Data gathered in March 2013 suggest that the plumes originated from two widely separated, 60-kilometre-wide spots in the dwarf planet’s mid-latitude regions. Together, these spots ejected about 6 kilograms of water vapour into space each second. Neither ground-based observations nor images from the Hubble Space Telescope are keen enough to identify the as-yet-mysterious areas, says Küppers. “We don’t know what these features are, we just know that they’re darker than their surroundings,” he notes.

“It’s fascinating that these plumes are coming from limited areas,” says Humberto Campins, a planetary scientist at the University of Central Florida in Orlando. One possibility, he notes, is that the vapour comes from cryovolcanoes, which eject ice and volatile substances such as methane. Alternatively, the plumes could have their source in regions unusually rich in water ice; vents or fissures that tap into subsurface reservoirs of water; or impact craters that hold deep ice, which sublimates and jots off into space when it is exposed to solar radiation. “We don’t have enough information to discriminate at this point,” says Campins. But no matter what the source of the vapour is, it must somehow be continuously replenished, he adds.

The origin of the heat that turns the water or ice into vapour is as big a mystery as the source of the water itself. A mechanism called tidal flexing — repeated stretching and squashing of the orb by gravitational forces from a larger body — is thought to generate the heat that drives plumes of water vapour and ice crystals spewing from the icy moons Enceladus (which orbits Saturn)3 and Europa (a companion of Jupiter)4. But that is not likely to be at work on Ceres, because the dwarf planet travels solo in its orbit within the asteroid belt.

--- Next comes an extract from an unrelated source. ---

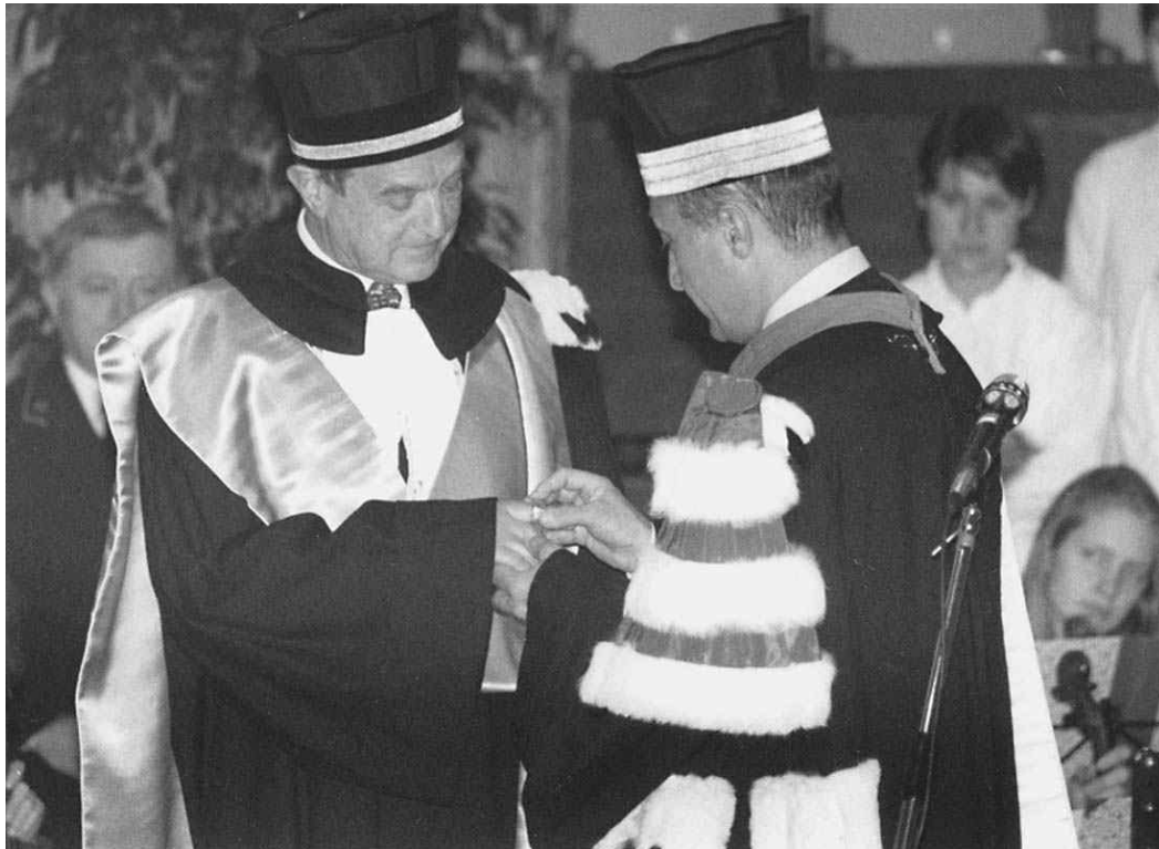
George Soros (left), Mr. Moneybags for the drug-legalization mafia and financial manager for Queen Elizabeth II, receives an honorary degree from Bologna University, October 1995.

the majority of members of the Victorian Royal Household spent their annual holidays at Balmoral Castle, looped on heroin and cocaine solutions. 1

One idea, Küppers and his colleagues suggest, is that heat produced by the decay of radioactive elements inside the dwarf planet is fuelling cryovolcanoes or geysers. Another option is that solar radiation is causing near-surface ice to sublimate directly into space, just as it would from the surface of a comet. Either of these sources could produce sporadic activity, Küppers notes.

Also mysterious is why Ceres has a substantially greater abundance of water than Vesta, an asteroid that orbits the sun at approximately the same distance, Campins writes in a related News & Views article. If Vesta and Ceres started out with different amounts of water, that suggests that the asteroids may have originally formed in different parts of the solar system. The same sort of cosmic migrations, Campins notes, could have brought asteroids and comets deep into the solar system, seeding the Earth with water as well as a variety of organic chemicals — and thereby playing a considerable role in the origin and evolution of life.

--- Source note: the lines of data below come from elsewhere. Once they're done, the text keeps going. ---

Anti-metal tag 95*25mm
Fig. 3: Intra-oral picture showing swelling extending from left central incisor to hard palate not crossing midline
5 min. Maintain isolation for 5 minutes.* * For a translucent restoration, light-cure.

NASA’s Dawn probe — launched in September 2007 and due to arrive at Ceres early in 2015 — could offer answers to such mysteries. “We don’t really have to guess: in a year we’ll be there,” says Christopher Russell, a planetary scientist at the University of California, Los Angeles, and lead investigator for the mission. As well as taking high-resolution images of Ceres, Dawn’s sensors will help to map various minerals on its surface.

“Once we get there, we’ll figure out where [the water] is getting out, and how,” says Russell.